Please do not file public issues for suspected security vulnerabilities.

Use one of these private paths instead:

• Open a GitHub Security Advisory draft for this repository.
• If advisories are unavailable, contact the maintainer account listed in repository ownership and request a private security channel before sharing details.

Include:

• affected Lockspire version or commit
• deployment shape and Phoenix version
• reproduction steps
• expected impact
• whether bearer material, secrets, or private user data were exposed

Lockspire aims to:

• acknowledge new reports promptly
• confirm severity and affected surface
• ship fixes or mitigations through the normal changelog and release flow
• avoid disclosing exploit details publicly before a fix is available

docs/supported-surface.md is the canonical public support contract. This file stays subordinate to it and does not define a second feature or topology matrix.

Security reports are in scope when they affect the embedded Phoenix surface the repo currently proves, especially:

• Lockspire-owned authorization-server endpoints and token handling
• generator-backed install and upgrade scaffolding that Lockspire ships and maintains
• host-seam contracts documented in repo-owned guides, such as login/consent handoff and the /verify device flow seam
• confidential-client private_key_jwt support on Lockspire-owned direct-client endpoints
• JAR request objects by value on the shipped /authorize and /par paths
• the bounded reactive remote-jwks_uri verification path on the shipped direct-client surfaces
• the two shipped mTLS extraction patterns plus certificate-bound token enforcement after certificate extraction
• host Phoenix API route protection for Lockspire-issued access tokens through the documented Lockspire.Plug.VerifyToken -> Lockspire.Plug.EnforceSenderConstraints -> Lockspire.Plug.RequireToken pipeline
• secure defaults and FAPI 2.0 Security Profile enforcement shipped in this repo

Out of scope examples remain:

• host-owned account databases, login/session implementations, or rate limiting
• hosted auth as a separate service
• third-party IdP integrations not shipped in this repo
• external JAR-by-reference, generic external request_uri handling, SAML, LDAP, or generic federation features
• arbitrary custom Lockspire.MTLS.Extractor implementations as first-class peers to the two shipped extraction patterns
• generic gateway, service-mesh, or third-party issuer protected-resource middleware
• generic JWT client-auth support outside Lockspire-owned direct-client endpoints
• claims that front-channel logout is durable or that DCR creates a second logout runtime
• DCR scope not named in the canonical support contract, including software statements (RFC 7591 §2.3), external-IdP federation, FAPI bundles, and external JAR-by-reference

• PKCE S256 required by default
• exact-match redirect URI validation
• client secrets hashed at rest
• short-lived, single-use authorization codes
• refresh-token family revocation on reuse
• no implicit flow
• no alg=none
• issuer-string aud for private_key_jwt
• generic invalid_client wire failures with strong redaction of client assertions and JWKS bodies in logs and operator surfaces

When a confidential client uses jwks_uri, Lockspire performs remote key retrieval through a narrow guarded fetch path:

• https only
• redirects disabled
• unsafe resolved targets rejected before request dispatch
• bounded timeouts and payload size
• cached last-known-good key material preserved when forced refresh fails

This fetch path exists only to verify private_key_jwt client assertions on Lockspire-owned direct-client endpoints. It is not a general outbound metadata-ingestion capability.

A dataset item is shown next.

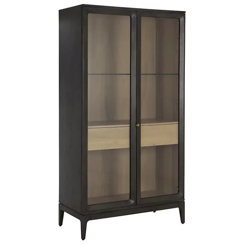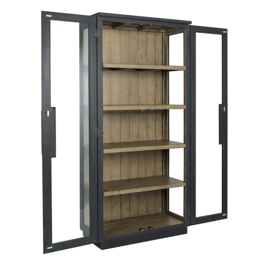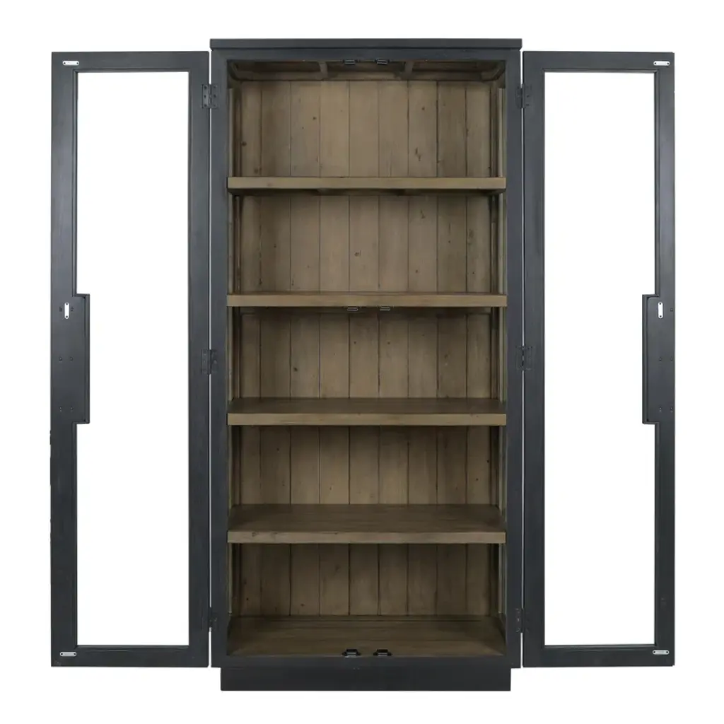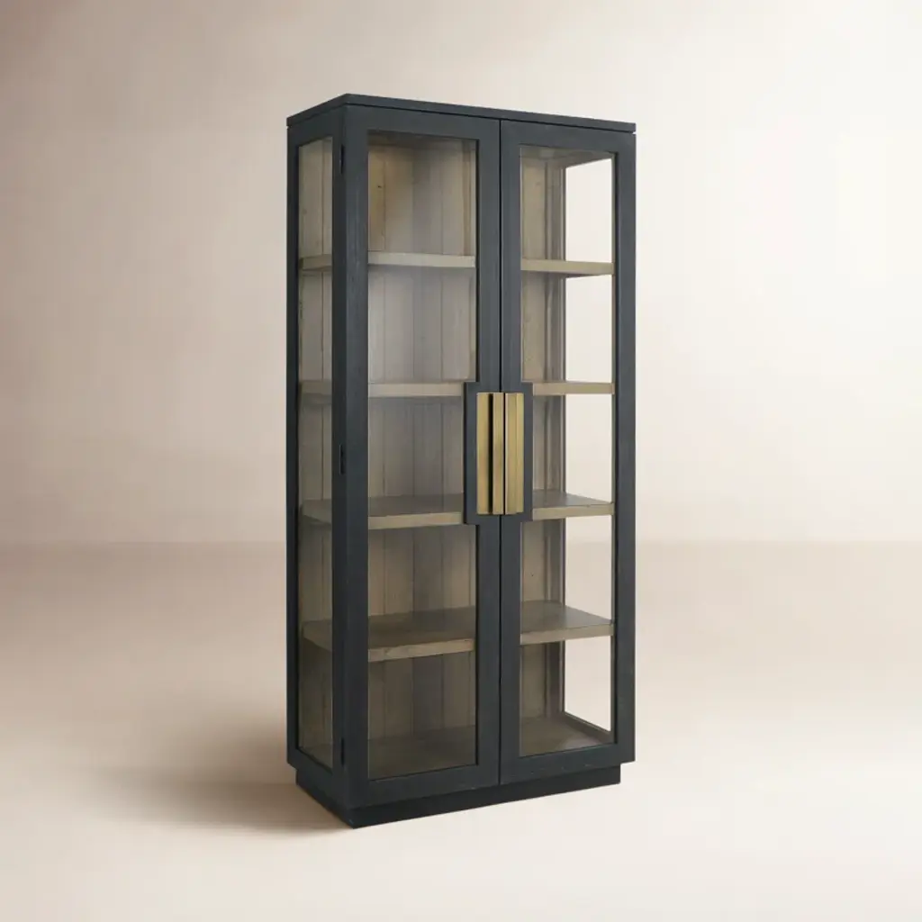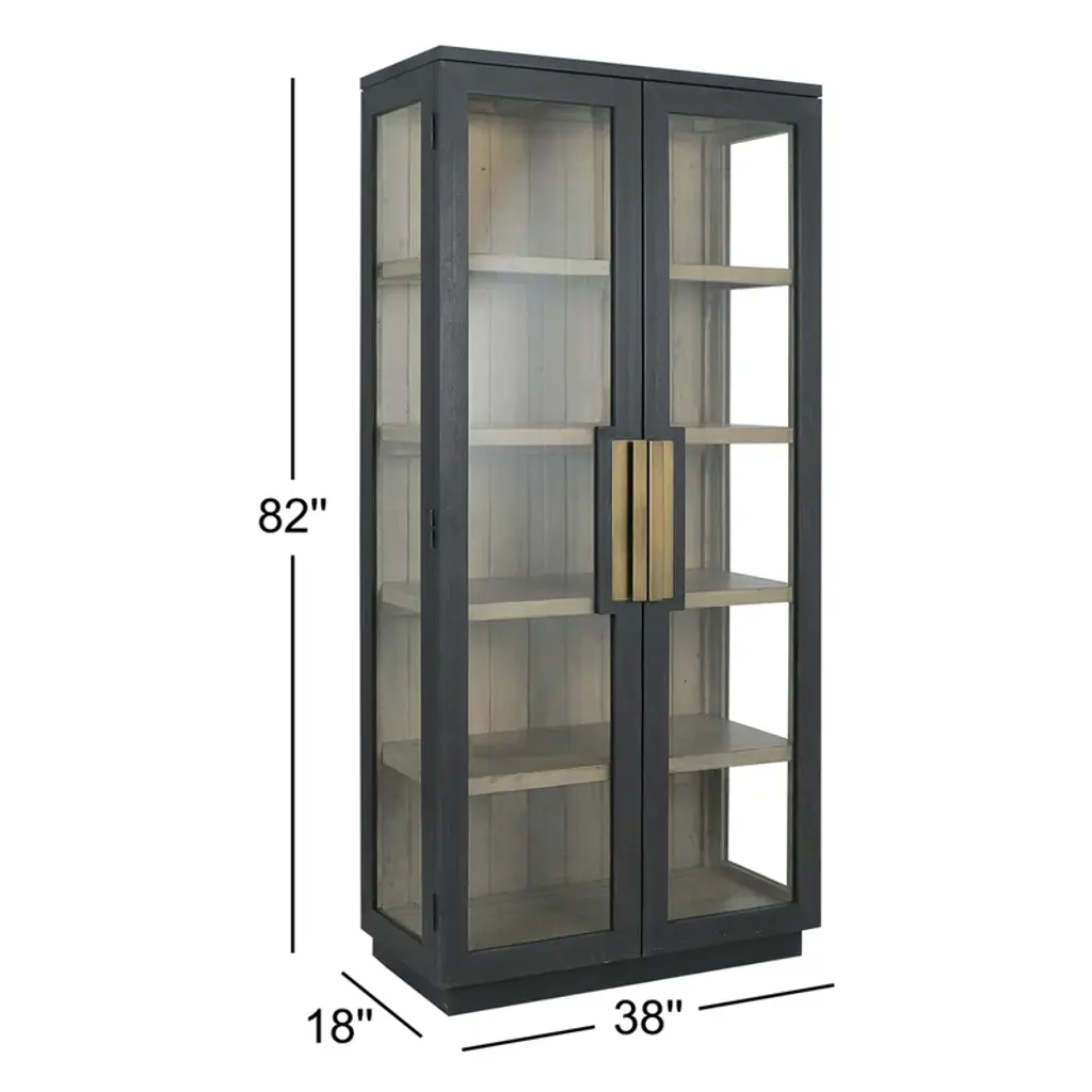 Combining traditional cabinet design and reclaimed pine wood with chic brass hardware, this piece demonstrates the dynamic beauty that occurs when old meets new. Tempered glass doors add shine to the look, and make this cabinet an ideal display and storage space for kitchenware, books and games, or beloved collectibles.

Lockspire ships the FAPI 2.0 Security Profile enforcement stack listed above and pins the canonical OIDF FAPI 2.0 plan (fapi2-security-profile-final-test-plan) plus its variant axes in scripts/conformance/fapi2-plan.json and docs/maintainer-conformance.md.

Both DPoP and mTLS are supported sender-constraining mechanisms for FAPI 2.0.

Lockspire does NOT claim:

• external OIDF FAPI 2.0 conformance suite certification (the harness is wired and pinned, but the live Docker run remains a manual maintainer step and is not a CI pass-gate)

This file does not broaden the public support contract. For the full supported and out-of-scope surface, see docs/supported-surface.md.